I asked six of my friends age 75 and older, members of Body & Brain Yoga, about their experiences with successful aging. Anne, David, Fe, Harmony, Jeanne, and Joan all feel that they are stronger and healthier than others of the same age in their circle of friends and family, and attribute much of their success to the benefits of Body & Brain Yoga. They reflect on the acceptance of stress as part of life and make managing it a priority. This is made much easier with the tools, support, and perspective of this mind-body practice. All had tried other types of exercise programs, but found that none provided the unique Qi energy approaches of Body & Brain Yoga and the support of a community of caring masters and members of all ages.

David found great insights in Ilchi Lee’s book In Full Bloom.2 This book confirmed for him the importance of integrating our brains and bodies and strengthening both as we get older, to counter fears of becoming weak and of the unknown. He is grateful that Body & Brain uses knowledge of neuroplasticity to actually improve our brains, releasing negativity and "allowing" us to focus on being happy and useful—the best natural stress-reduction strategy.

So many of us baby-boomers are approaching old age at the same time now. We are suffering from many preventable chronic diseases that burden our later years, our society as a whole, and our younger generations. Perhaps by using mind-body practices to counter our chronic stress we can become more personally responsible for our physical, emotional, and mental health, and help shift Western medical perspectives and resources away from treating illnesses and toward preventing them. As we age, we can share our energy, imagination, and vision to improve ourselves and our world, not by doing less and less but by contributing more and more.

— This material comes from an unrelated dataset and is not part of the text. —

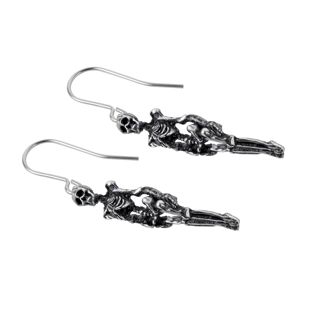 Смерть - это великий уравнитель - все сводится к этому. Последние останки как хозяина, так и раба. Вечный символ, чтобы нивелировать любой темный взгляд. Пара миниатюрных скелетов из английского пьютера, серьги на петлях из хирургической стали серьгах.

  1. Can meditation slow rate of cellular aging? Cognitive stress, mindfulness, and telomeres. Epel E, Daubenmier J, Moskowitz JT, Folkman S, Blackburn E. Ann N Y Acad Sci. 2009 Aug; 1172:34-53.
  2. In Full Bloom. Ilchi Lee. https://www.changeyourenergy.com/shop/57/in-full-bloom
Written by Deborah Coady, MD
Deborah Coady, MD, is Clinical Assistant Professor of Obstetrics and Gynecology at NYU Langone Medical Center. She devoted a major portion of her medical practice to caring for pelvic pain, and currently writes, lectures, and mentors to promote integrative approaches to pain and chronic illness. As a five-year member of Body and Brain Yoga/Tai Chi, Deborah attributes her success in living with persistent cancer to this practice.